Harrer was an Austrian interned in British India from the beginning of World War II. Finally in 1943 he escaped from that internment and, following a lengthy travel across 'the roof of the world' he wound up in Lhasa penniless and in rags. Met with kindness in Lhasa, he was not expelled back to India. Instead he was allowed to stay in Tibet, to work for the government (he spoke passable Tibetan by this time) and to tutor the young Dalai Lama. When the Chinese Communists invaded Tibet in 1950 Harrer was forced to part from this lonely, able and affectionate youthful Dalai Lama. What a story.

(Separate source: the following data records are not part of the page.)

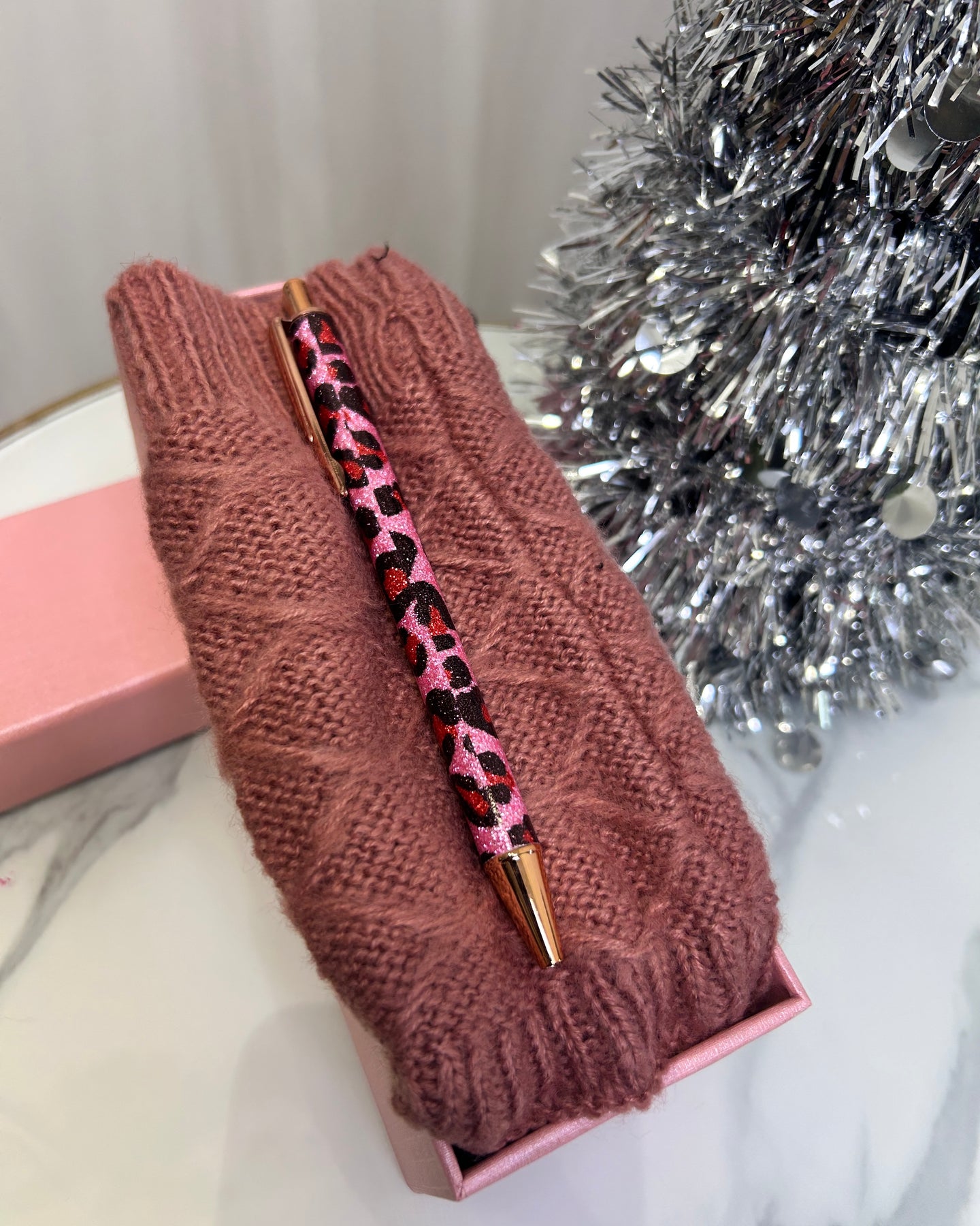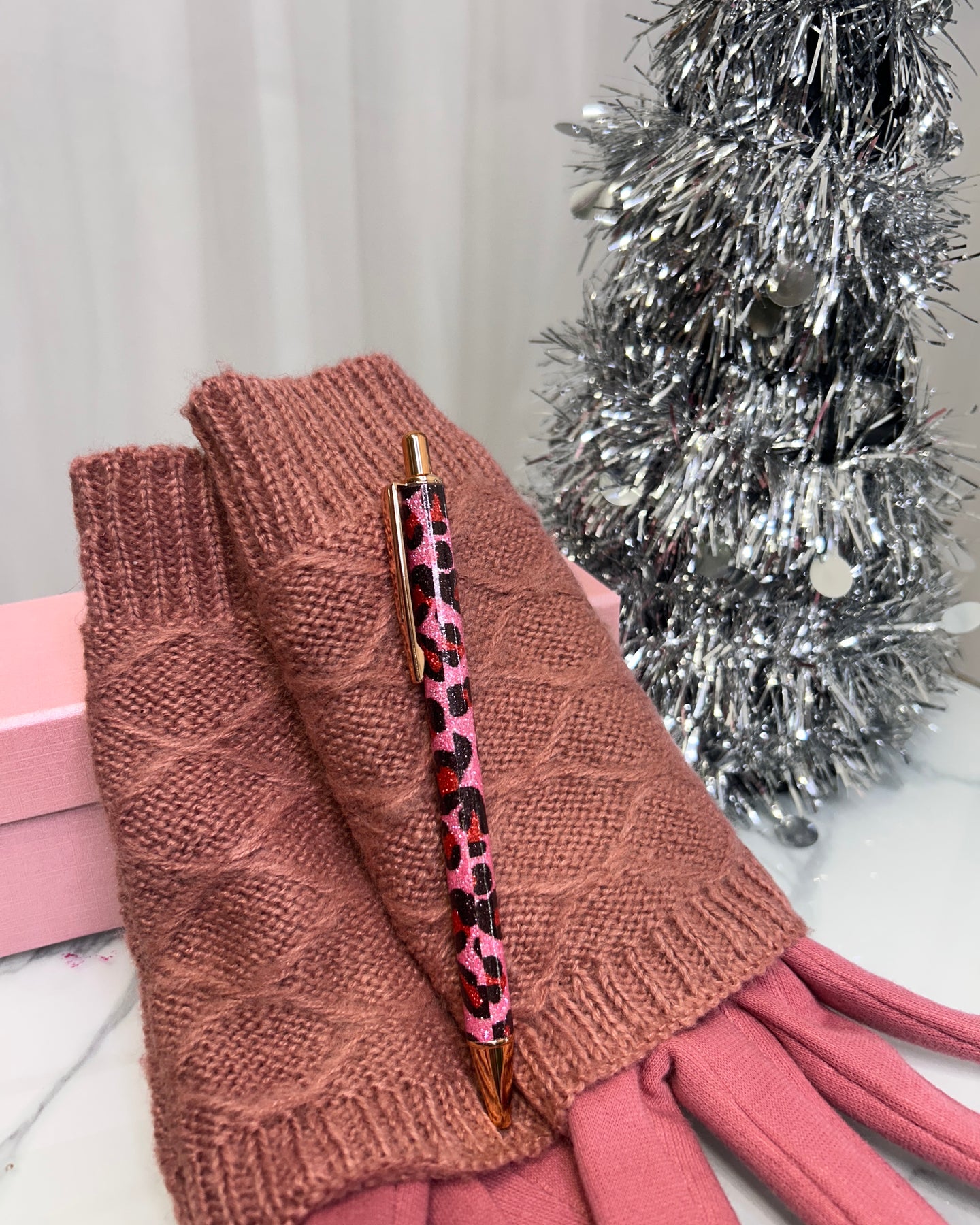 Regular price £16.00- Cosy Pink Handwarmer Gloves and Pink Animal Print Shimmer Pen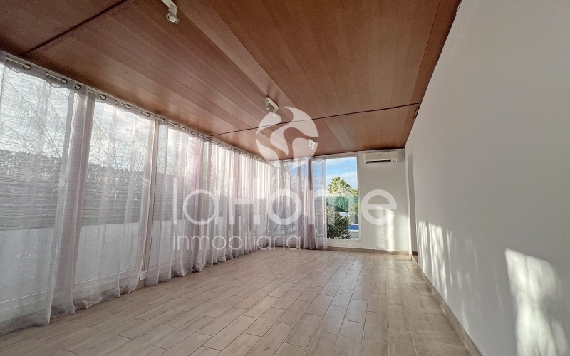 La vivienda se desarrolla en dos amplias plantas. En la planta principal, un distinguido salón comedor, lleno de luz natural, se convierte en el eje central de la vivienda. En esta misma planta se encuentran un aseo de cortesía, la suite principal con vestidor y baño privado, y una cocina independiente, funcional y luminosa, con acceso directo a la zona exterior. A continuación, una espectacular terraza acristalada, concebida como un amplio salón adicional, amplía la zona de estar y permite disfrutar del exterior durante todo el año con total comodidad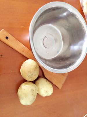 土豆蒸熟压成泥状加入盐;淀粉;胡椒粉拌匀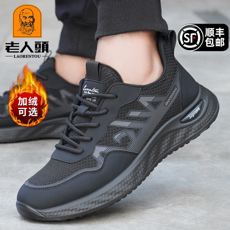 老人头男鞋秋冬加绒运动鞋男士网面鞋减震跑步鞋防滑黑色休闲鞋男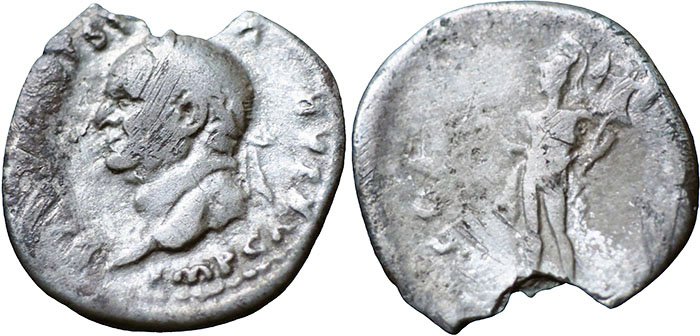VESPASIAN. 69-79 AD. Silver Denarius (19mm). COS VIII. Mars standing left, holding trophy and spear. Chipped flan.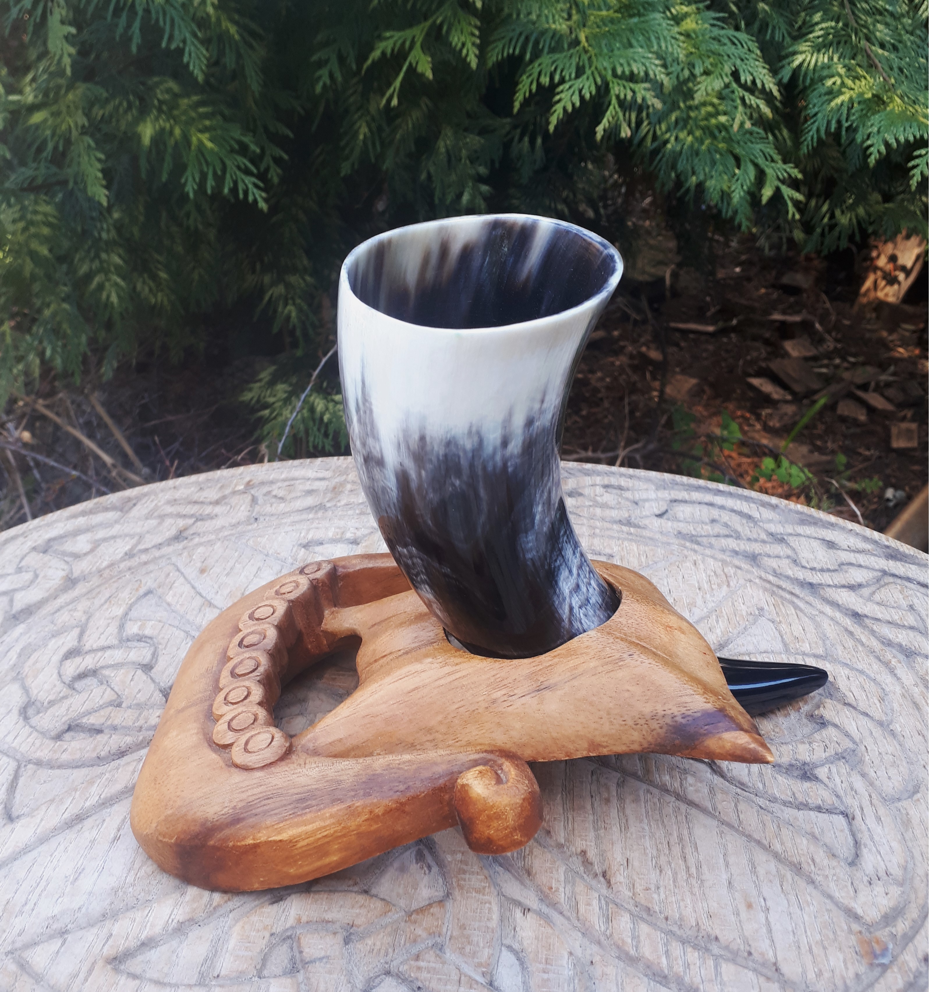 Wykonany z naturalnego rogu bydła afrykańskiego watussi. Idealny do wznoszenia toastów i zaspokajania pragnienia. Warto mieć go zawsze przy sobie jak prawdziwy wiking.

Heinrich Harrer went on to become a consumate explorer and adventurer, much like Lowell Thomas, Eric Shipton and H.W. Tilman, but Harrer didn't limit his travels to mountains. Highly appreciative of native culture, Harrer travelled the world to remote mountains and jungles to experience untouched civilizations. His adventures include trips to remote Amazon jungle tribes, Pacific Islands, remote Himalaya, and New Guinea where he and Philip Temple made the first ascent of Carstensz Pyramid, one of the Seven Summits [Denali, Everest, Vinson, Elbrus, Aconcagua, Kilimanjaro, Carstensz or Kosciusko].
Other notable mountaineering first ascents by Heinrich Harrer were Mount Hunter & Mount Deborah in Alaska with Fred Beckey in 1954 and Ausangate (6400m) in Peru's Cordillera Vilcanota in 1953.